The ability to quickly modify yeast strains is also beneficial to developers of renewable resources, including alternative fuel. For example, novel enzyme technologies and yeast fermentation can be used to convert carbon-based feedstocks, waste or agricultural residues into renewable ethanol. Optimizing yeast strains helps improve ethanol production yields, which ultimately will reduce the world’s dependence on fossil fuels and lower pollution.

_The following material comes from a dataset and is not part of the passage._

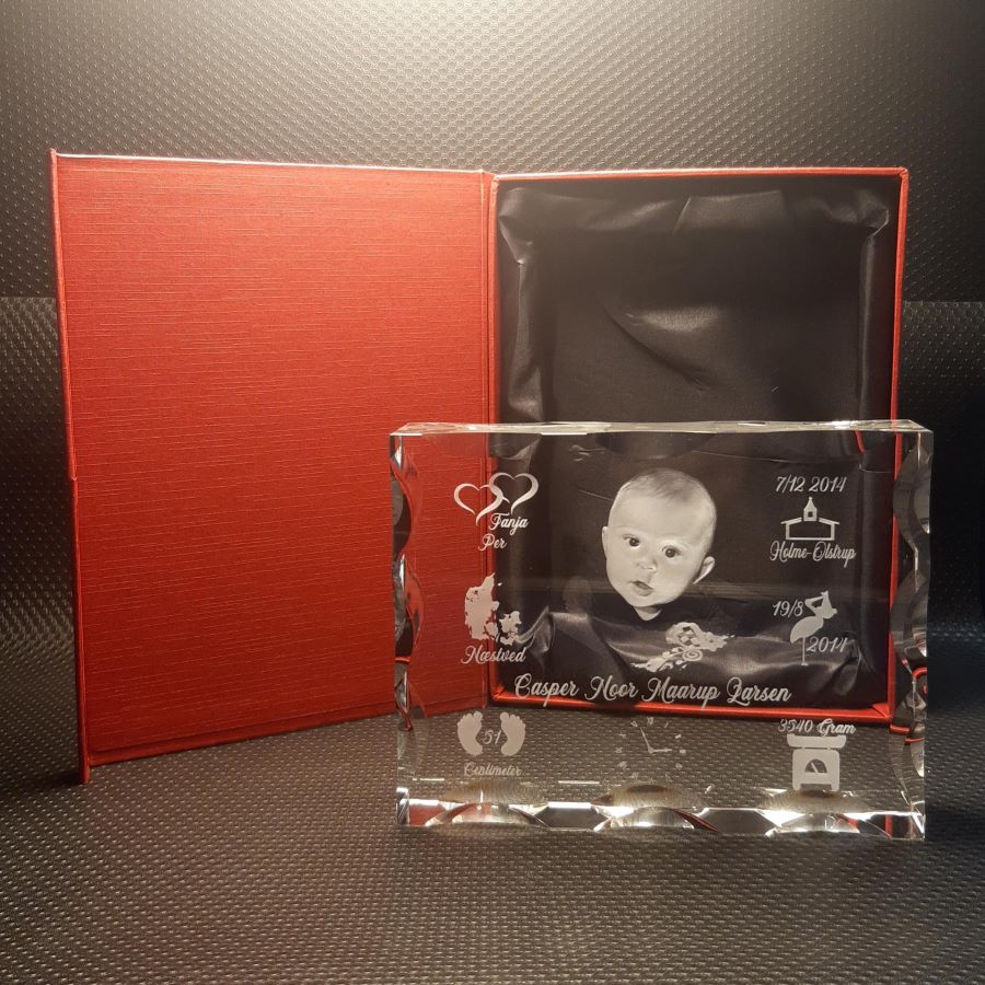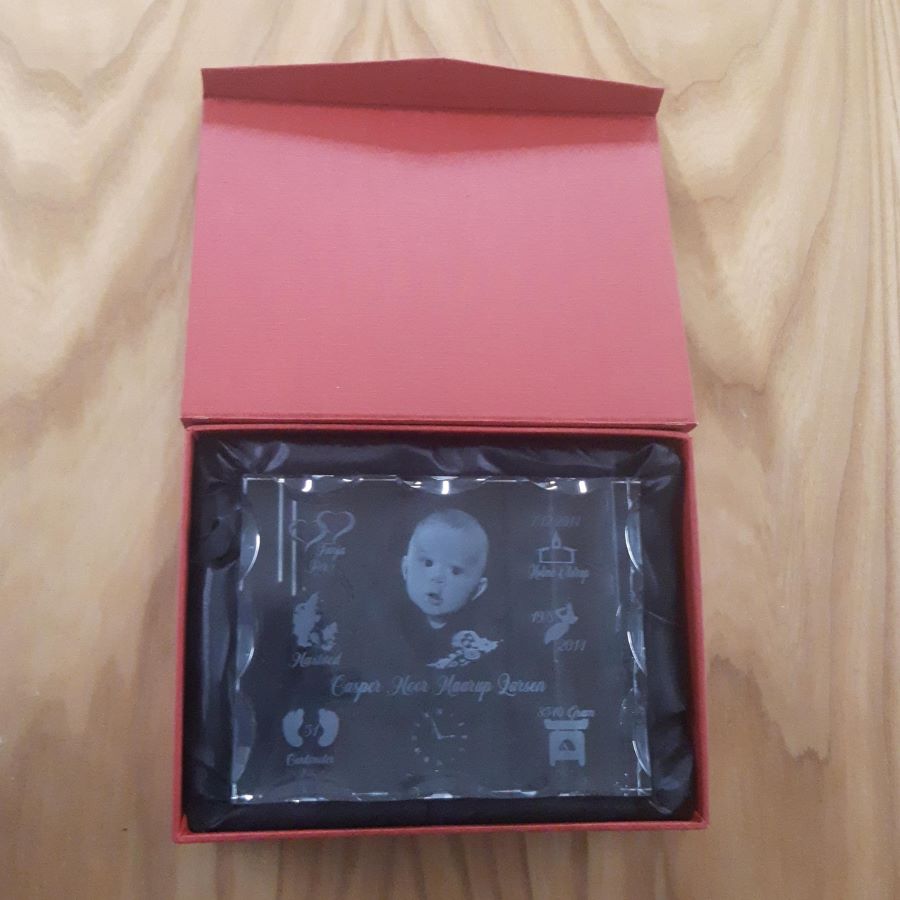 Det graveres med valgfri tekst, og det det billede som ønskes

In the future, biofoundries could contribute even more rapid innovations that benefit the environment. Several startups are developing bio-made fibers that can be used as alternatives to petroleum-based polyester, a material that requires fossil fuels to manufacture and that isn’t biodegradable. They include Solena, a British company that’s designing new proteins that can be used to make biodegradable fibers. And a few years ago, a team of University of Copenhagen students developed biodegradable fishing nets made from spider silk, sea anemone and mussel proteins. Their project, aimed at reducing sea pollution, won the iGEM Grant Prize, which is awarded to researchers who use synthetic biology to develop innovative solutions for unsolved issues. CJ Bio in Korea manufactures bio-plastics based on PHA for a range of consumer products; they commissioned a biofoundry in 2022 like Lesaffre. Genomatica has accessed the bio-based polymers markets for nylon and polyesters thanks also to their partnership with the Ginkgo Bioworks biofoundry. To some extent the future promised by the biofoundry approach to bioengineering is already here.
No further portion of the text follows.